Magic 102.1 Under the Stars Featuring Charlie Wilson, Erykah Badu & the O'Jays Cynthia Woods Mitchell Pavilion May 31, 2014
On a night of classic and modern R&B at a packed house in The Woodlands, with perfect summer weather of clear skies and temperatures below the 80s, Majic 102.1's Under the Stars concert was a powerhouse lineup with more No. 1 hit songs than you can shake a 2014 Free Press Summer Fest at. It was a night of baby-making music where those who had made babies, along with the babies they made, were out to make even more babies.
The night's performances jump-started with a defibrillator-like zap with Rock & Roll Hall of Famers and Sound of Philadelphia alums the O'Jays.
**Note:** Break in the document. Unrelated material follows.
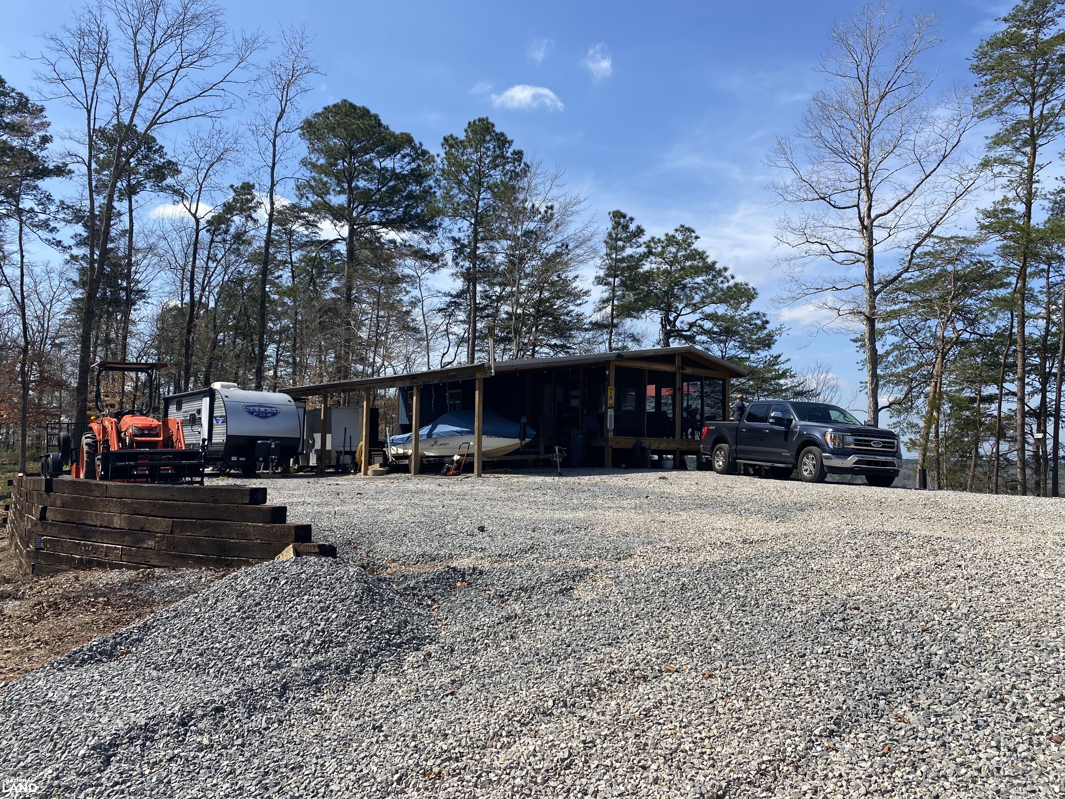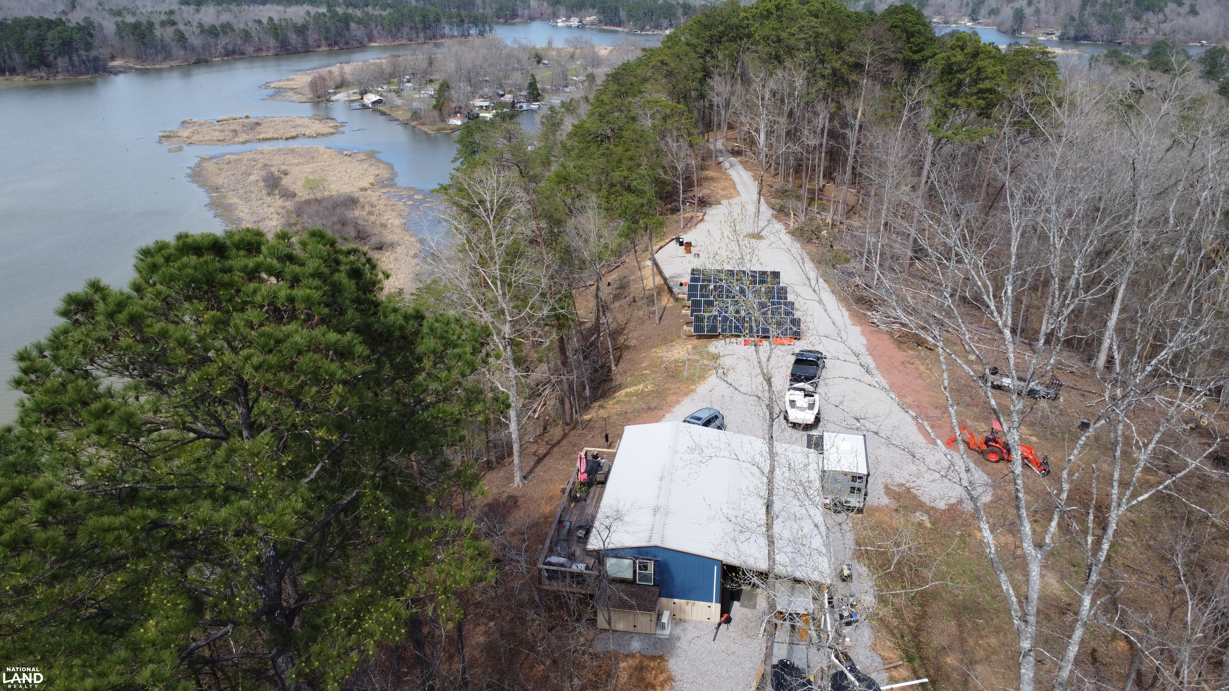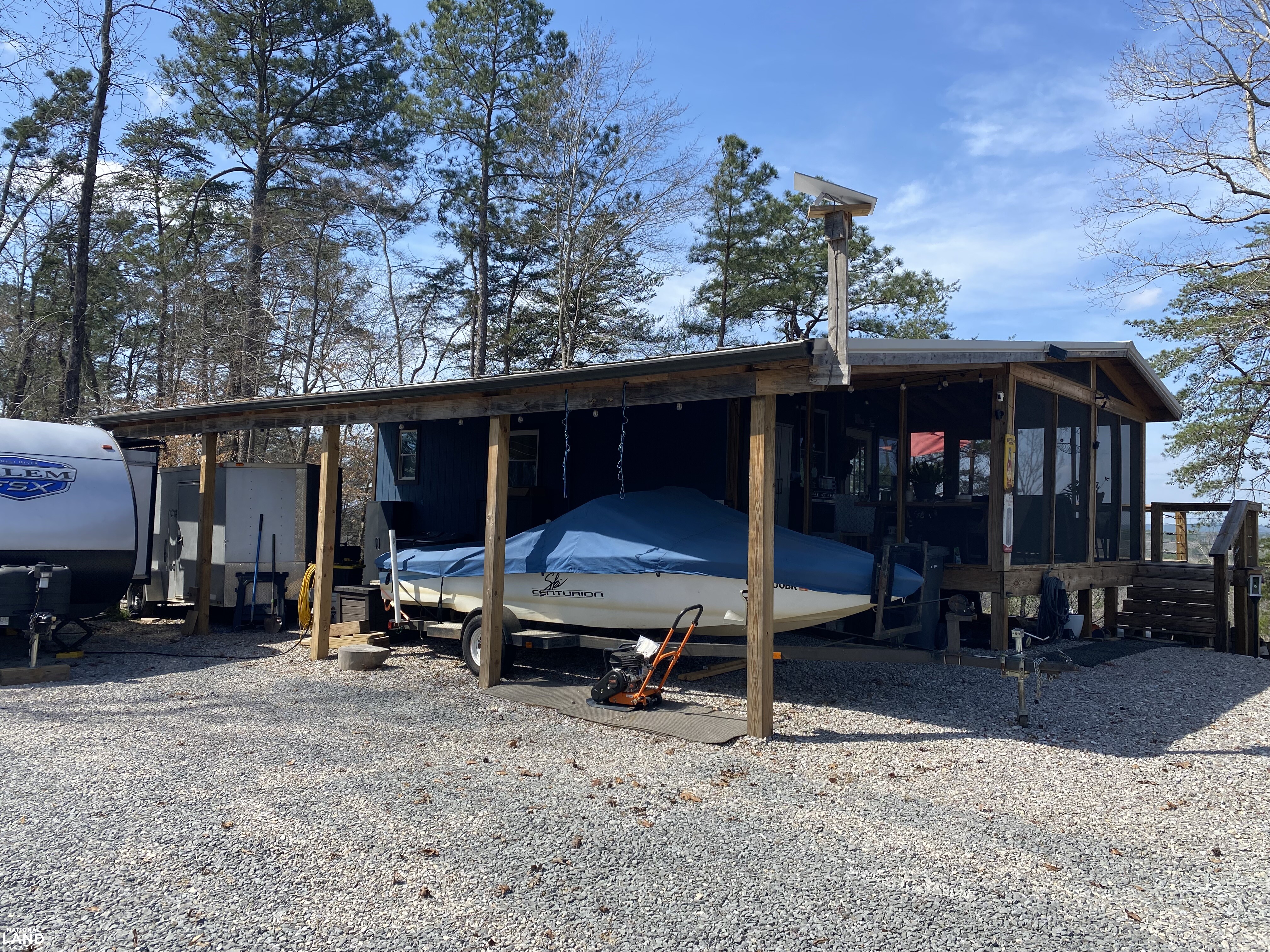 On the head waters of the Black Warrior River with a view of the Mulberry Fork & Locust Fork Rivers convergence you can escape to this stunning +/-42-acre off-grid retreat offering the perfect blend of privacy, sustainability, and natural beauty. Enjoy approximately 2,000 feet of frontage along the Mulberry Fork, with breathtaking views and direct access to boating, swimming, and fishing. A public boat ramp is located less than a quarter mile away for added convenience. The cabin offers a spacious deck perfect for entertaining or relaxing while taking in both sunrise and sunset views, along with a cozy screened-in porch. The land is covered in mature timber and features scenic trails ideal for walking or riding ATVs. Multiple elevated homesites provide incredible river views, and with 42 acres, the property offers excellent potential for subdivision or a family compound. A slough on the property presents a prime location for a future pier. This unique property features a solar-powered cabin equipped with an impressive 32-panel (450W each) solar array producing up to 12,000 watts, supported by a 45,000-watt battery bank. A rainwater collection system with two 1,500-gallon tanks provides up to 30,000 gallons annually, creating a truly self-sufficient lifestyle. Additional features include a 30-amp RV hookup with water access, and nearby county road utilities (water, power, and sewer) if desired. Conveniently located less than 40 minutes from Birmingham and approximately one hour from Tuscaloosa, this rare property offers seclusion without sacrificing accessibility.

The classic vocal R&B trio -- dressed in matching white suits featuring jackets with exposed chests, satin frills, fringe at the wrists and sequins -- came with a full band, complete with horn section. They launched onstage with the vigor of acts one-third their age with the 1975 hit "Give the People What They Want."
Instead of hoping the band would play a particular song, the ready-to-party Saturday-night crowd ate up anything the O'Jays played by singing along to every last word. Only during the ballads did the group's energy diminish, giving the older folks a needed break.
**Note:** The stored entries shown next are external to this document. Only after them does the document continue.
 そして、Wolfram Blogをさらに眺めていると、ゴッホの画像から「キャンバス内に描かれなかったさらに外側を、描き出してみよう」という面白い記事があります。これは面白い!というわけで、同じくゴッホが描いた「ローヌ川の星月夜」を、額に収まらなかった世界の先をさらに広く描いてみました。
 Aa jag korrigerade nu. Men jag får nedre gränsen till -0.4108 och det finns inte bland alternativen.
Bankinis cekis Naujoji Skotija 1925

During "Cry Together," the audience sang in harmony so well that a choir might as well have shown up to accompany the group onstage. At one point, distracted by a groupie at the edge of the stage, Eddie Levert lost his place and said, in his come-on tone of voice, "Damn, woman. You made me forget what I was trying to say," as he laughed and rubbed his thighs and chest is a sexy way. The O'Jays delivered much more than what might be expected from a band that's been around since 1958.
Next, Erykah Badu came to the stage with a force and aura matching the night's music-industry veteran acts, setting the mood with a nonstop set of soul, electronic funk and hits. Wearing a shawl featuring the eye in the dollar bill's pyramid over a torn T-shirt and several medallions dripping down her chest - plus a skirt, leggings, a top hat and white basketball shoes with long blue feathers stuffed into the back of one - she looked like an R&B version of Alice in Wonderland's the Mad Hatter.
Sometimes she would stop the entire band in mid-song to dramatic and sometimes comical effect. She paused the intro to "Window Seat" to hilariously eat "one chip and [have] one sip" of whatever was in her coffee cup, then cued her band to pick up where they left off. Though she said she hadn't played in a venue as large as The Woodlands in a long while, you couldn't tell from how she grooved and blew the multigenerational crowd away with reinterpreted songs old and new.